To find the gauge pressure at section 2, we can use Bernoulli's equation, which relates the pressure, velocity, and height of a fluid across different points in a flow.

Bernoulli's equation can be written as follows:

P1 + 1/2 * ρ * v1^2 + ρ * g * h1 = P2 + 1/2 * ρ * v2^2 + ρ * g * h2

Where:
P1 and P2 are the gauge pressures at sections 1 and 2 respectively.
ρ is the density of the fluid.
v1 and v2 are the velocities at sections 1 and 2 respectively.
g is the acceleration due to gravity.
h1 and h2 are the heights at sections 1 and 2 respectively.

In this case, the fluid is flowing steadily, so there is no change in height (h1 = h2).

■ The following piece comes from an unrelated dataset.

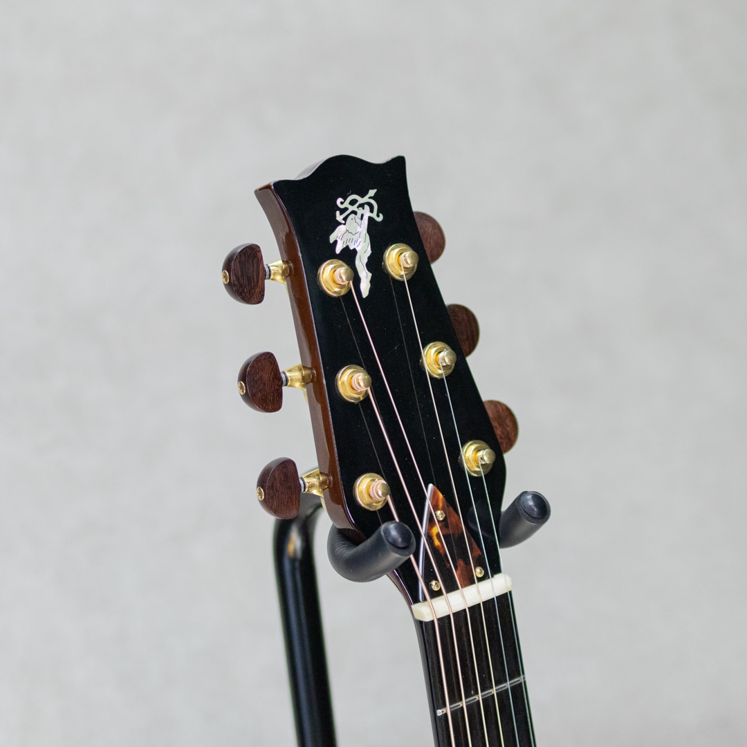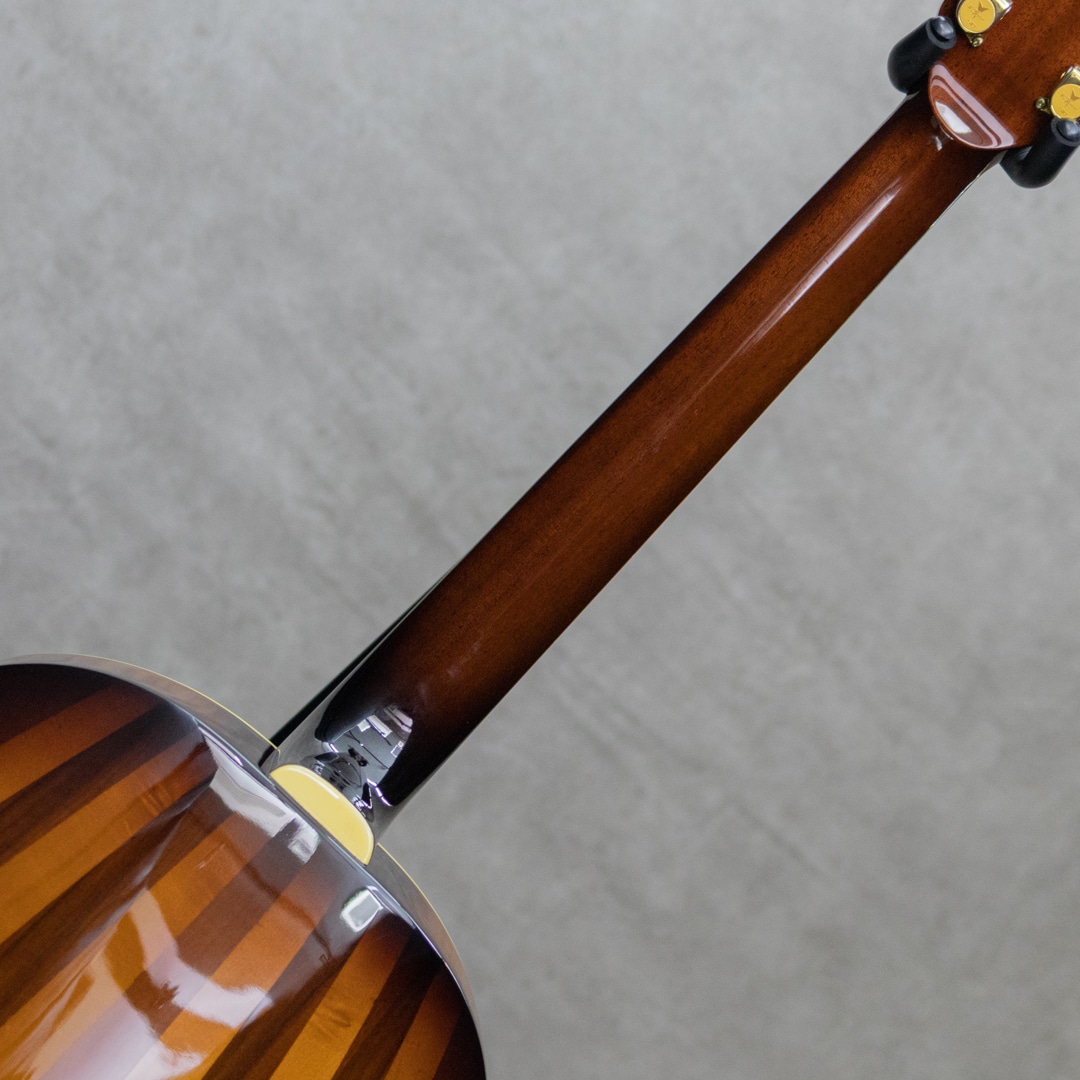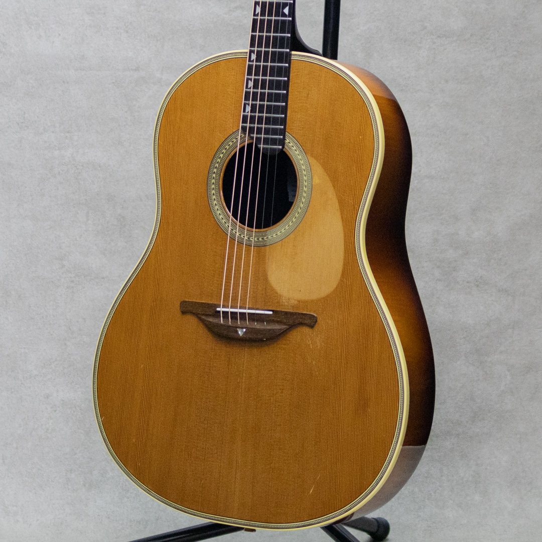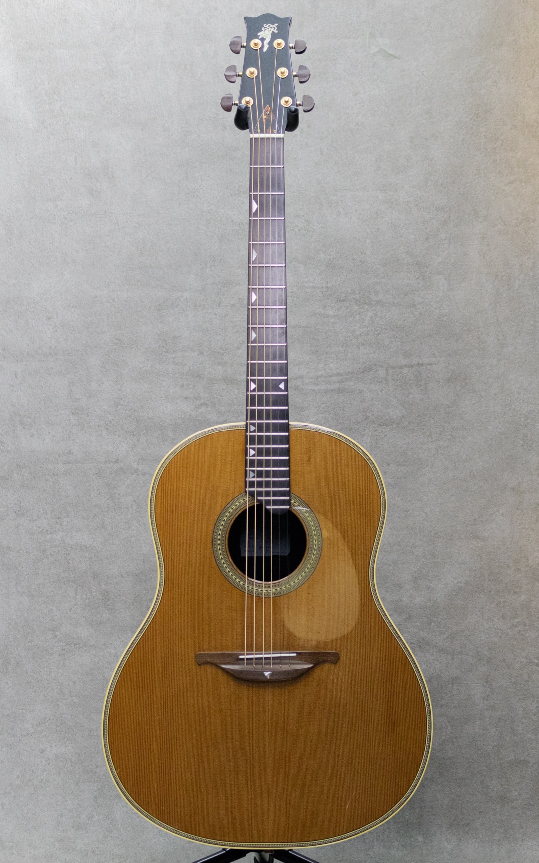 岐阜県可児市にて製作されるヤイリギター。大規模な機械化は抑え、職人による手作業を中心に30名ほどの少人数で一日に約20本程度の本数を製作しています。木工精度も高く国産ならではの安心感から高い評価を得る純国産ブランド。本器は、高い木工技術で組み込まれた木製ラウンドバックの”RR-10E”。2004年製USED品。シダートップ、メイプル&ウォルナットサイド&バック、マホガニーネック、エボニー指板、ハカランダブリッジ、クリアーピックガード。リラコード樹脂のボウルバックギターが流行った時代に、同スタイルを木製で組み上げたモデルをリバイバルイシューした本器。クリアで澄んだ響き。ラウンドバックの影響で指向性が集約された響きで、唯一無二のサウンドです。若干の小傷は見られますが、大きくえぐるような傷はなく良好なコンディション。ネックまわりもとても良好で、弾きやすいアクションをしっかりと保っています。また、イントネーションを補正するためにサドル溝の掘り直しがされています。なかなか見かけないK.ヤイリのラウンドバックモデル。お手元のコレクションにどうぞ。。オリジナルハードケース付属。

Also, the acceleration due to gravity doesn't play a significant role in this problem since there is no change in height.

Therefore, we can simplify Bernoulli's equation to:

P1 + 1/2 * ρ * v1^2 = P2 + 1/2 * ρ * v2^2

Plugging in the given values:
P1 = 200,000 Pa
ρ = 960 kg/m^3
v1 = 5 m/s
r1 = 0.05 m
r2 = 0.04 m

We can find v2 using the principle of continuity, which states that the fluid flow rate is constant at any point in a steady flow.

The equation of continuity can be written as:

A1 * v1 = A2 * v2

Where A1 and A2 are the cross-sectional areas at sections 1 and 2 respectively.

Using the formula for the area of a circle A = π * r^2:

A1 = π * r1^2
A2 = π * r2^2

Simplifying the equation, we have:

π * r1^2 * v1 = π * r2^2 * v2

Substituting the given values and solving for v2:

π * (0.05 m)^2 * 5 m/s = π * (0.04 m)^2 * v2

0.004 * 5 m^3/s = 0.0032 * v2

v2 = (0.004 * 5 m^3/s) / 0.0032

Now that we have the value of v2, we can substitute it back into Bernoulli's equation to solve for P2:

P1 + 1/2 * ρ * v1^2 = P2 + 1/2 * ρ * v2^2

Plugging in the values:

200,000 Pa + 1/2 * 960 kg/m^3 * (5 m/s)^2 = P2 + 1/2 * 960 kg/m^3 * v2^2

Calculate the right-hand side of the equation:

P2 + 1/2 * 960 kg/m^3 * v2^2 = P2 + 0.5 * 960 kg/m^3 * v2^2

Finally, solve for P2:

200,000 Pa + 1/2 * 960 kg/m^3 * (5 m/s)^2 - 1/2 * 960 kg/m^3 * v2^2 = P2

Substitute the value of v2 obtained earlier into the equation and compute P2.